Which lines belong in your copy? Those from the start of the data through the line with "Mid-rise denim bermuda shorts with pleats", exactly as written, without any pictures.

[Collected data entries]
-.-.-

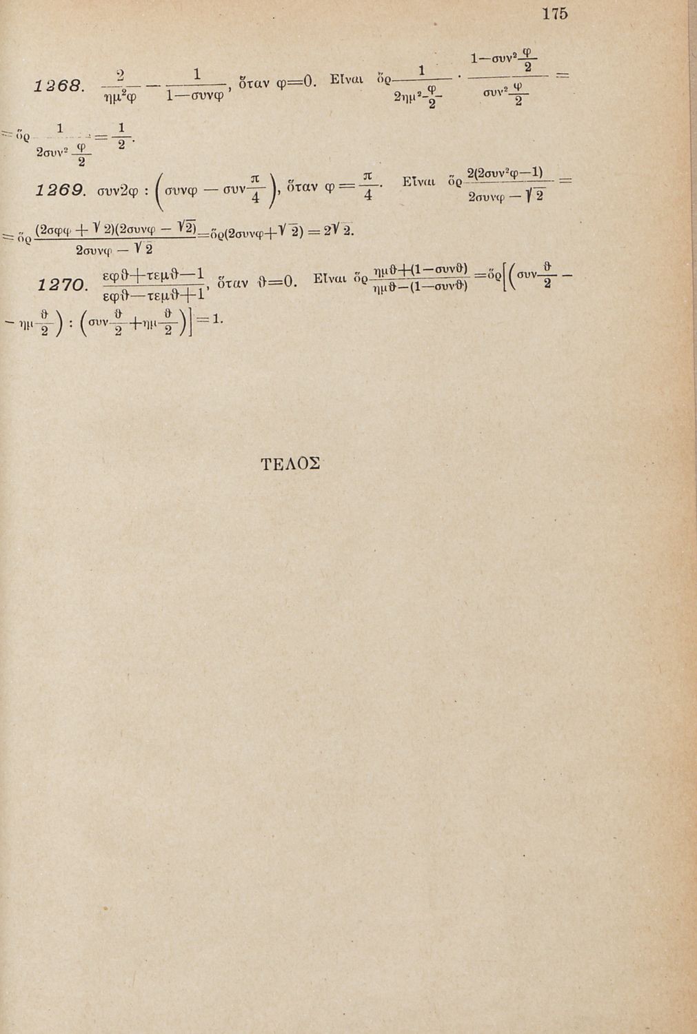 Ασκήσεις Τριγωνομετρίας και Λύσεις Αυτών – Λύσεις των 1270 εκλεκτών ασκήσεων των περιεχομένων εν τη μεγάλη επίπεδης Τριγωνομετρία του
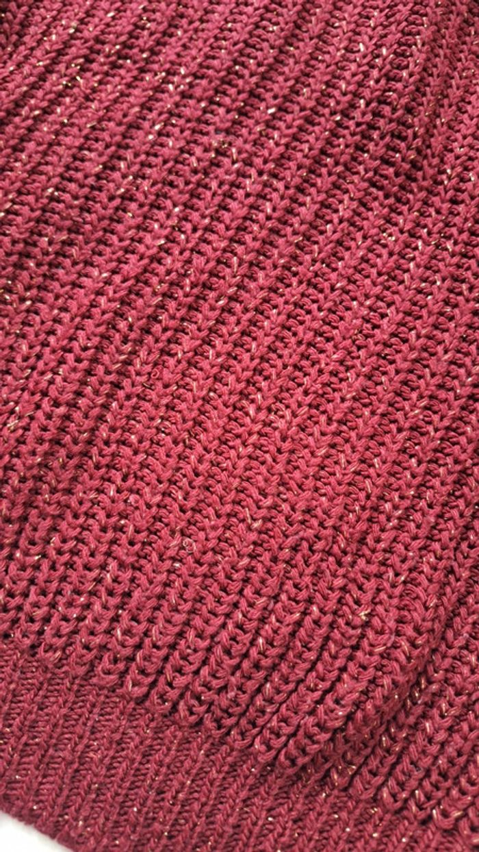 Pull manches 3/4 bordeaux paillete taille S - photo numéro 2
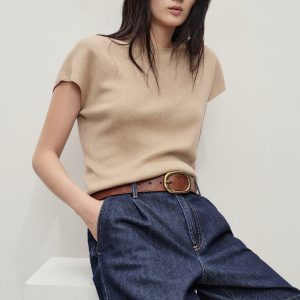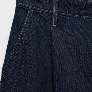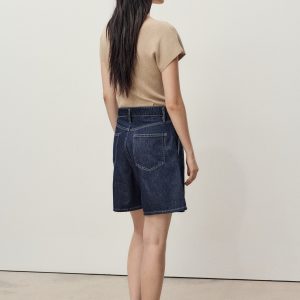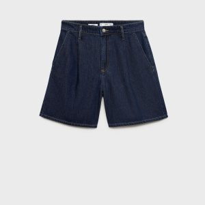Mid-rise denim bermuda shorts with pleats
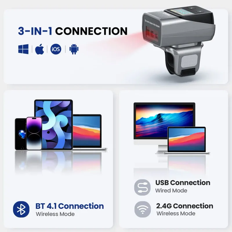 Ring Barcode Scanner With 1-inch Color Display: You can not only get the date&time, remaining battery, Bluetooth/2.4G connection status information from the screen but also set some common functions directly on the barcode scanner without scanning the set code in the manual.
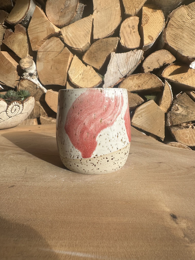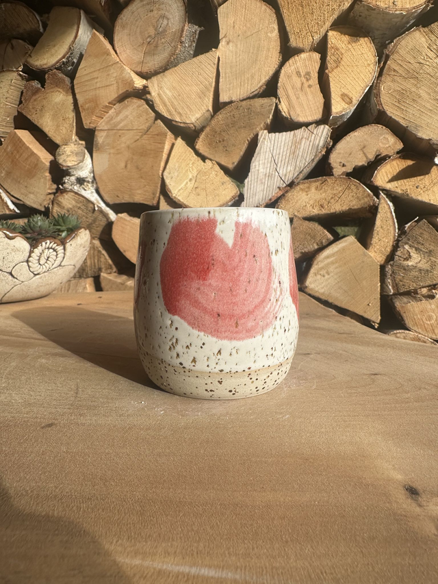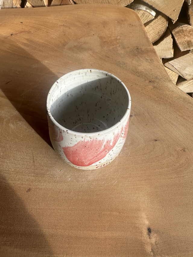Ein handgefertigter Becher voller Liebe. Der Keramikbecher „LOVE“ wird mit Herzblut getöpfert und glasiert – jedes Stück ist ein Unikat. Die Kombination aus natürlichem Ton, rötlich-beiger Glasur und feinen Sprenkeln macht ihn zu einem besonderen Begleiter für deine Lieblingsmomente.
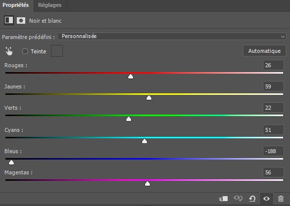 Ces paramètres seront à ajuster en fonction du choix de votre image. Vous devez obtenir un beau noir et blanc.
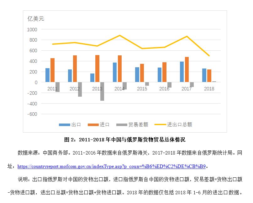 3.俄罗斯对中国货物贸易逆差较小,2018年可能由逆转正。根据俄罗斯海关和俄罗斯统计局的统计数据(参见图2),俄罗斯对中国货物贸易虽为逆差,但数额较小。2011-2014年基本维持在130亿美元至350亿美元之间,其中,2013年逆差额最高达到350.5亿美元。此后,2015-2017年俄罗斯对中国的货物逆差额基本在100亿美元以下,2015年最低时仅为63.4亿美元。2018年1-6月,俄罗斯对中国货物贸易实现顺差,约为19.1亿美元。鉴于美国与中国之间的贸易摩擦持续,促使中国减少对美国大豆和能源等的进口,转而扩大对俄罗斯豆类和原油等的进口,这使2018年俄罗斯对中国首次实现货物贸易顺差的可能性较大。
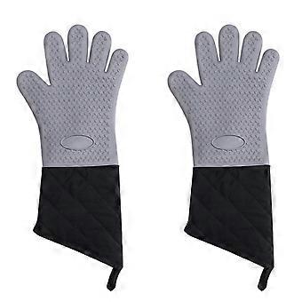 Extra Long Silicone Oven Mitts with Quilted Liner, Heat Resistant Grill and Baking Gloves
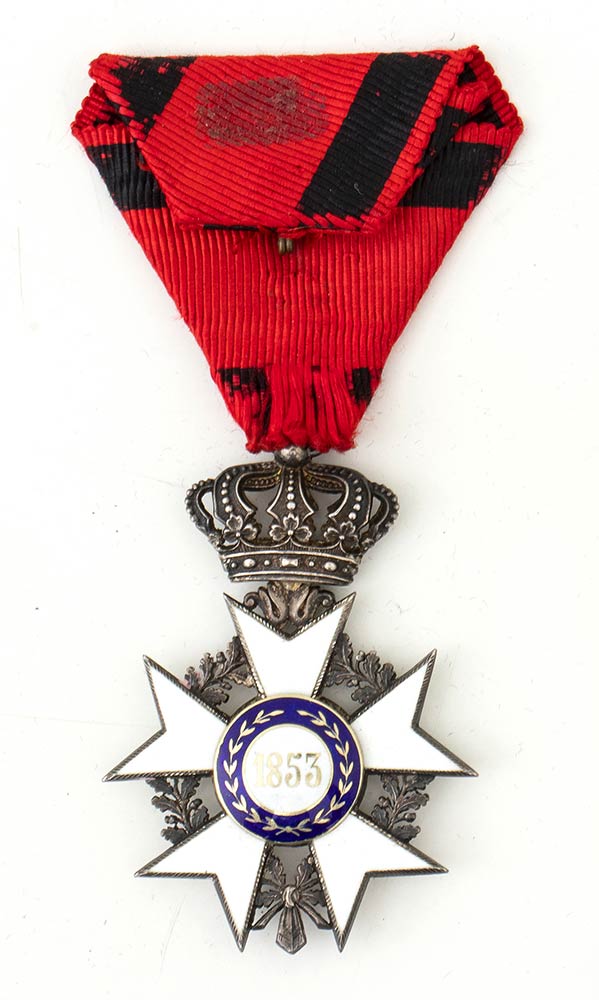 Insegna di cavaliere in argento dorato e smalti, smalti integri, bel nastrino originale all'austriaca, smalti integri.
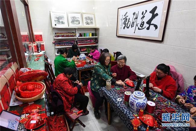 在江蘇省徐州市潘安湖國家濕地公園內(nèi)的香包工作室,王秀英老人與村民們一起制作香包(2018年1月17日攝)。新華社記者 季春鵬 攝
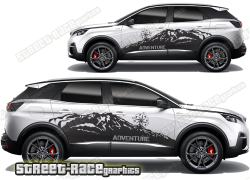 Peugeot 3008 graphics. They are shown on the first generation 3008 but they can be trimmed to fit all later versions and facelift variants. The decals are not pre-cut for any specific Peugeot 3008 version; they do not have any door handle cutouts, wheel arch or door line splits. These will require trimming during fitting. Vinyl will not stick to unpainted textured plastics.
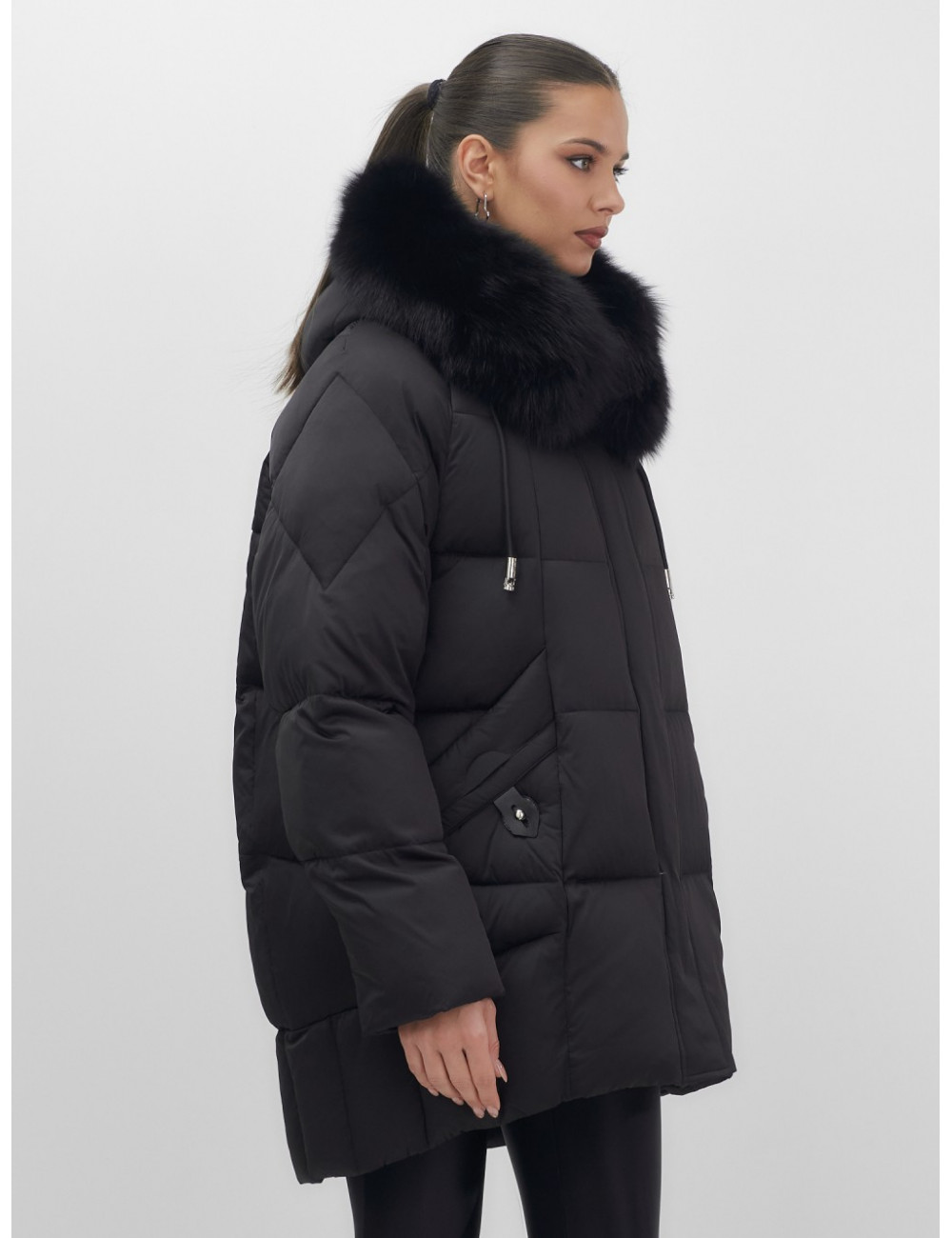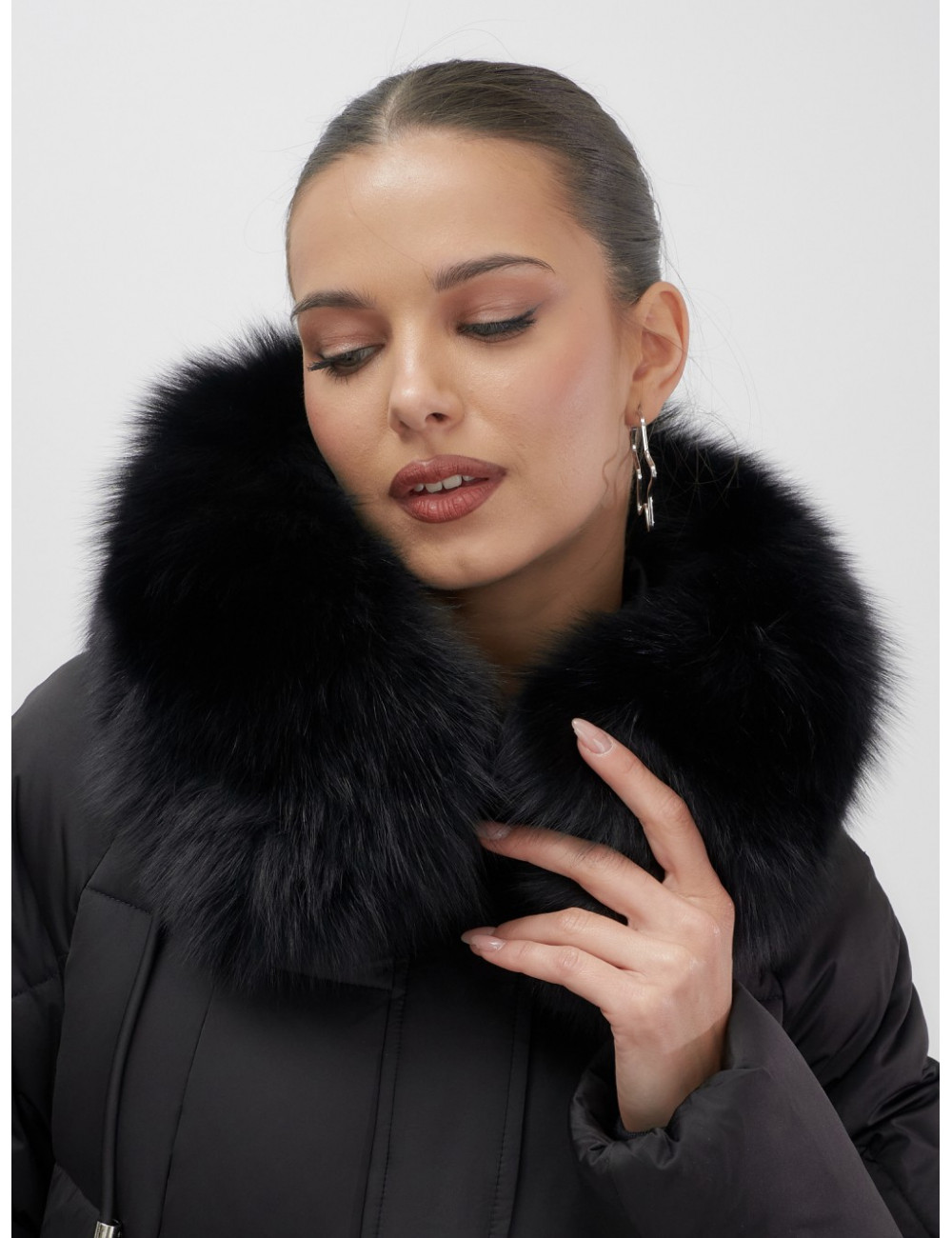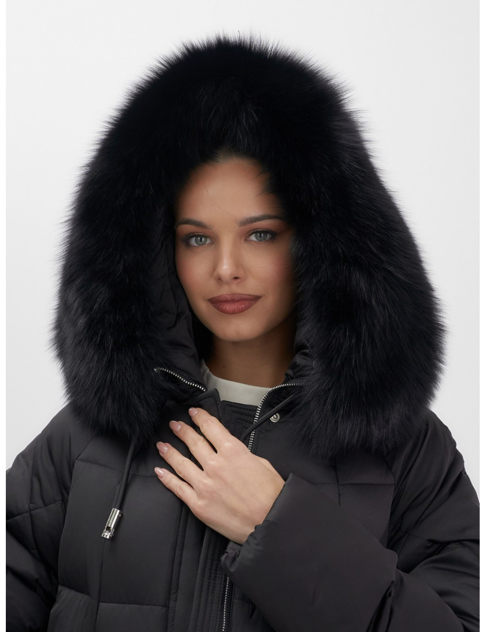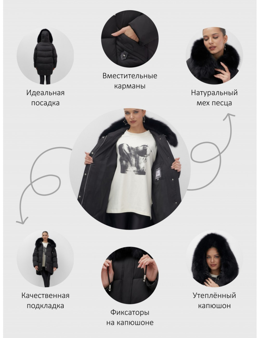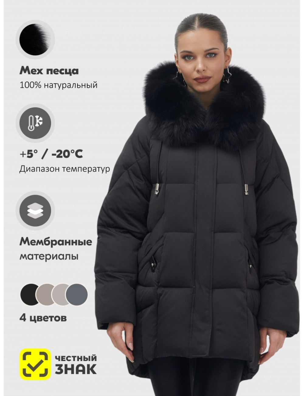 - Универсальность: съёмная опушка из натурального песца позволяет создавать различные образы — от статусного делового до элегантного повседневного.

-.-.-

→ SOLUTION TO THE PROBLEM:
 Ασκήσεις Τριγωνομετρίας και Λύσεις Αυτών – Λύσεις των 1270 εκλεκτών ασκήσεων των περιεχομένων εν τη μεγάλη επίπεδης Τριγωνομετρία του
 Pull manches 3/4 bordeaux paillete taille S - photo numéro 2
Mid-rise denim bermuda shorts with pleats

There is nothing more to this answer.